Requirement:
If an entry holds a picture, leave that picture out. Give everything else again exactly.

Input records:
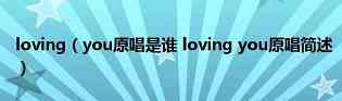大家好,小美来为大家解答以上问题。loving,you原唱是谁 loving you原唱简述很多人还不知道,现在让我们一起来看看吧!
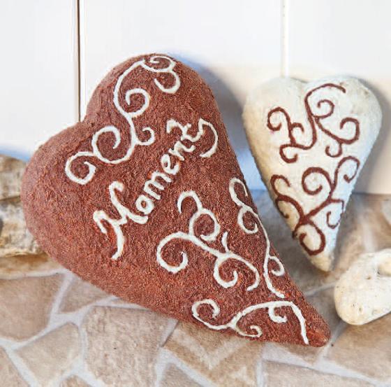 With the VBS Granite-colour you achieve a great Stone-look. Ideal for the design of wood Stretched Canvas, cardboard, metal and like here on Polystyrene hearts.
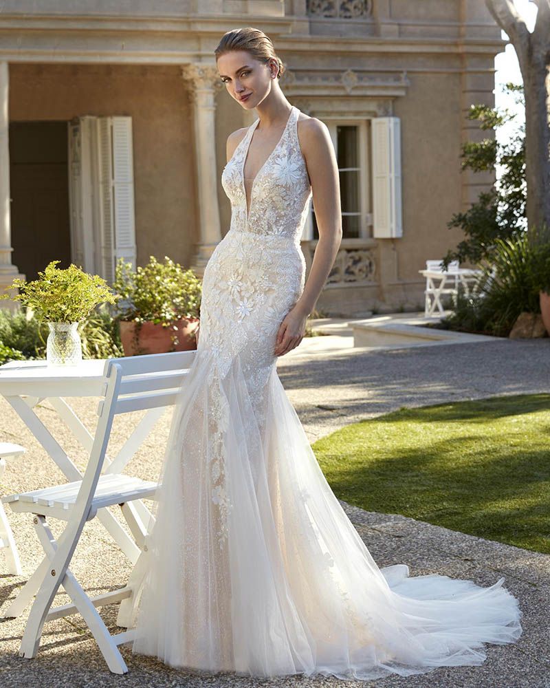 Το μπούστο του NYLAH δένει στο λαιμό, προσθέτοντας μοναδικό στυλ και διακριτικό sexy touch, ιδανικό για νύφες που θέλουν ένα fashion-forward αλλά elegant look.
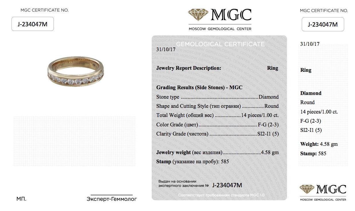 Обручальное кольцо из желтого золота с бриллиантами 1 карат (Сертификат МГЦ)
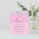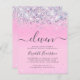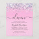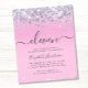 Bonito amigable con el presupuesto, glamorosa y jovencita invitación a fiesta de cumpleaños número 11 con confeti purpurina chispeante y holográfico color púrpura, rosa y plateado sobre fondo rosa y "once" en un suave guión de moda gris con toques.

Output for this task:
大家好,小美来为大家解答以上问题。loving,you原唱是谁 loving you原唱简述很多人还不知道,现在让我们一起来看看吧!
 With the VBS Granite-colour you achieve a great Stone-look. Ideal for the design of wood Stretched Canvas, cardboard, metal and like here on Polystyrene hearts.
 Το μπούστο του NYLAH δένει στο λαιμό, προσθέτοντας μοναδικό στυλ και διακριτικό sexy touch, ιδανικό για νύφες που θέλουν ένα fashion-forward αλλά elegant look.
 Обручальное кольцо из желтого золота с бриллиантами 1 карат (Сертификат МГЦ)
 Bonito amigable con el presupuesto, glamorosa y jovencita invitación a fiesta de cumpleaños número 11 con confeti purpurina chispeante y holográfico color púrpura, rosa y plateado sobre fondo rosa y "once" en un suave guión de moda gris con toques.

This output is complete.